Modus Pelecehan Seksual Guru Besar UGM Terhadap 15 Mahasiswa Kini Telah Dipecat
Berita Baru, Jakarta – Kasus pelecehan seksual di ranah pendidikan kembali ramai diperbincangkan. Pasalnya kasus ini melibatkan seorang Guru Besar dari Fakultas Farmasi Universitas Gadjah Mada (UGM) Profesor Edy Meiyanto.
Peristiwa pelecehan seksual tersebut terjadi pada tahun 2023, namun Satuan Tugas Pencegahan dan Penanganan Kekerasan Seksual (PPKS) UGM pertama kali menerima laporan pada 2024 dan terus bertambah. Dilansir dari Tempo.com, sejumlah 15 mahasiswa membuat laporan pelecehan seksual dan kekerasan verbal.
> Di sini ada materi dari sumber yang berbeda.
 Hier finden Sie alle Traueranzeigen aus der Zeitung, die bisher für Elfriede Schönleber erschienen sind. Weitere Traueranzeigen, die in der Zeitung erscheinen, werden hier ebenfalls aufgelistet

Total kasus yang dilaporkan korban ada 33 kejadian.
Dalam kesehariannya, Guru Besar tersebut sering menjadi penceramah di masjid. Ia melancarkan beberapa modus seperti cek tekanan darah atau bimbingan skripsi agar bisa memijat tangan, memegang rambut, wajah, bahkan mencium pipi mahasiswa di rumahnya.
Saat ini, Edy Meiyanto telah dipecat dari profesinya sebagai dosen melalui Keputusan Rektor Nomor 95/UN.1P/KPT/HUKOR/2025, dan sedang dalam proses pencopotan status PNS. Pemecatan tersebut karena terbukti bersalah melanggar kode etik dosen dan Pasal 3 Peraturan Rektor UGM Nomor 1 Tahun 2023 tentang Pencegahan dan Penanganan Kekerasan Seksual di UGM.
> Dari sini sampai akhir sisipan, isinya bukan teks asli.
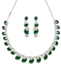 KARATCART Classic Oval Green Floral American Diamond Silver-Plated Jewellery Set for Women

Hal tersebut mendapat respons baik dari para korban karena mereka tidak ingin ada korban yang bertambah lagi. Selain itu para alumni Fakultas farmasi juga menyambut baik pemecatan tersebut dan sebagian mengunggah pemberitaan media massa di akun sosial media. “Kami merasa kuat karena banyak dukungan dari luar UGM dan ramai,” tulisnya.
UGM mengambil langkah dengan membentuk tim pemeriksa terhadap status kepegawaian Edy. Sekretaris UGM Andi Sandi Antonius menyebutkan bahwa pembentukan tim pemeriksa berdasarkan surat keputusan rektor. Tim beranggotakan dekan Fakultas Farmasi, direktorat sumber daya manusia, dan satuan pengawas internal.
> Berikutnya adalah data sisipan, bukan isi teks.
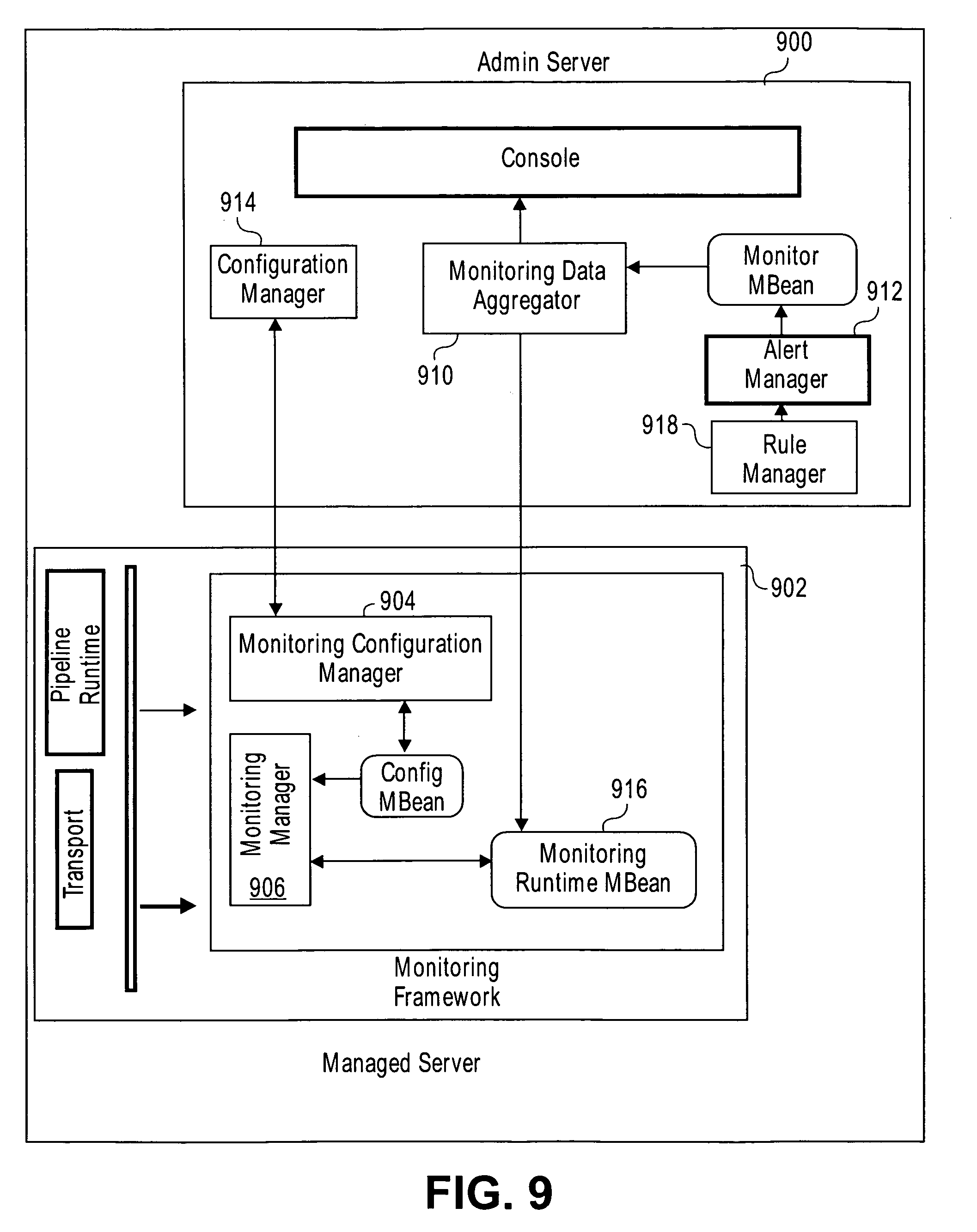 In one embodiment, a data aggregator 910 runs on an admin servers at regular intervals (configurable) and aggregates data from all the information from service bus segments in a given domain. The aggregated data are processed and classified into specific time intervals as specified in the configuration of each application. The console can display monitoring information uses the aggregated data. At regular interval the monitoring data publisher (not shown) publishes data to registered external applications for the purpose of archiving or external computing. A rule manager 918 is charged of storing rules and evaluates rules using the aggregated data. In one embodiment, when a rule is evaluated to true it calls the alert manager 912. The alert manager notifies other processes when a rule is evaluated to true. For example, it can send an email and/or post a message on a queue according to the action associated with the rule. In one embodiment and by way of illustration, the data aggregator 910 keeps less and less data in memory as the data get older. Windows can be defined to view the data with different precisions on different periods of time. For example, we define the following windows: 5 min, 1 h, 24 h. For a counter it means we are going to store for the last 5 min the all variations (may change that and decide to get variations by second for example or by 10 seconds). For the last hour the variations by 5 min. For the last 24 h the variations by hour. For any larger period the variation by day (implicit). With this configuration it means we need to store in memory an undetermined number of value for the last 5 min, +12 values for the last hour, +24 values for the last day and +1 value by day. So, for 365 days:˜=400 values. The aggregated data can be displayed in graphs on the console and/or used to trigger rules. In one embodiment, the user can interactively specify rules in the console. For example, the console can display a tree of monitored variables organized by services/stages/transport/quality of service which can be dragged and dropped inside an XQuery expression for the rule. Functions can also be dragged and dropped into the XQuery expression. In one embodiment, applications that want to use the monitoring framework to capture monitoring data can specify the list of attributes that need to be monitored and optionally specify a sliding window of time and the frequency of updates within that window to capture data. When a sliding window and an interval within that window are specified, the system can also be configured to maintain “Recent Activity Window”, which is a list of all monitoring entries that were made in the most recent time interval that is configured. In one embodiment, the system supports monitoring using counters and timers. In one embodiment, the configuration information defines the list of attributes that each application is monitoring. Every application (or application instance, as in the case of transports) can register itself with the monitoring framework. Registration can involve providing a unique name and a list of attributes (and the corresponding data types) that can be monitored and time window specifications. The framework can publish a schema for the configuration. In one embodiment, an admin server includes all of the runtime functionality provided by the framework. On an admin server this can include: aggregating data from all the managed servers; triage the data into respective time interval windows; compute statistics on the aggregated data; define an Management interface to provide access to the aggregated data; notify the Alert Manager of changes in data so rules can be triggered (or evaluate rules at regular interval); and provide a mechanism to publish monitoring data to external archival systems. On a service bus segment, the monitoring manager can: defines APIs for applications to record monitoring data; provide a runtime store for data; and expose its data through Management Interfaces. In one embodiment, in order to log monitoring values, applications (e.g., transport, pipeline stage) need to first retrieve a monitoring context for the respective application by passing in a unique application name. The monitoring context provides access to named counters and timers that provide methods to log data. For example, sample source code can look like this: ctx.getMonitoringService( ).getTimer(“execution_time”).start( ); ctx.getMonitoringService( ).getCounter(“nb_messages”).increment ( ); ctx.getMonitoringService( ).getTimer(“execution_time”).stop( ); An admin server includes a data aggregator 910 which polls each service bus segment on a specific polling interval and aggregates data. The aggregated data is sorted and binned into memory storage bins organized by application name and the respective time windows configured. Statistics are then computed on the updated data. A Monitoring Runtime Management Interface 916 can allow applications to access this aggregated data. In addition, an admin server can notify the rule manager 918 so the rules can be run against the updated data and/or publish data. If the condition of a rule is true the associated action(s) can be performed. In one embodiment, an action can be implemented as a service. In one embodiment, rules can be evaluated periodically at a user-specified interval. In one embodiment, alerts are implemented as services deployed on the service bus. The framework provides a configuration mechanism from which external applications can choose to have the aggregated monitoring data published to them on a specific JMS topic. In one embodiment, a rule is a statement that evaluates one or more expressions and yields a Boolean result. In a further embodiment, a rule also has a list of associated actions that are executed if the result of evaluating ALL the conditions included in the rule results in a value of “true”. Examples of conditions that could be included in a rule are: curr

Pendamping dan korban kini mempertanyakan independensi tim dari Fakultas Farmasi karena semuanya beranggotakan pejabat internal UGM. Korban berharap tim pemeriksa dapat bekerja secara independen dan tidak melibatkan kepentingan lain-lain dalam menjalankan pemeriksaan.
“Jangan sampai anggota tim yang ditunjuk merugikan korban. Perlu ada transparansi susunan anggota tim kepada korban,” kata perempuan itu kepada Tempo, Kamis, 10 April 2025.
Inspektur Jenderal Kemendiktisaintek, Chatarina Muliana Girsang mengatakan kementerian telah menugaskan UGM untuk membentuk tim pemeriksa yang beranggotakan atasan guru besar Fakultas Farmasi Edy Meiyanto.
“Yang penting perlu dipastikan independensi tim oleh pimpinan UGM,” kata Chatarina.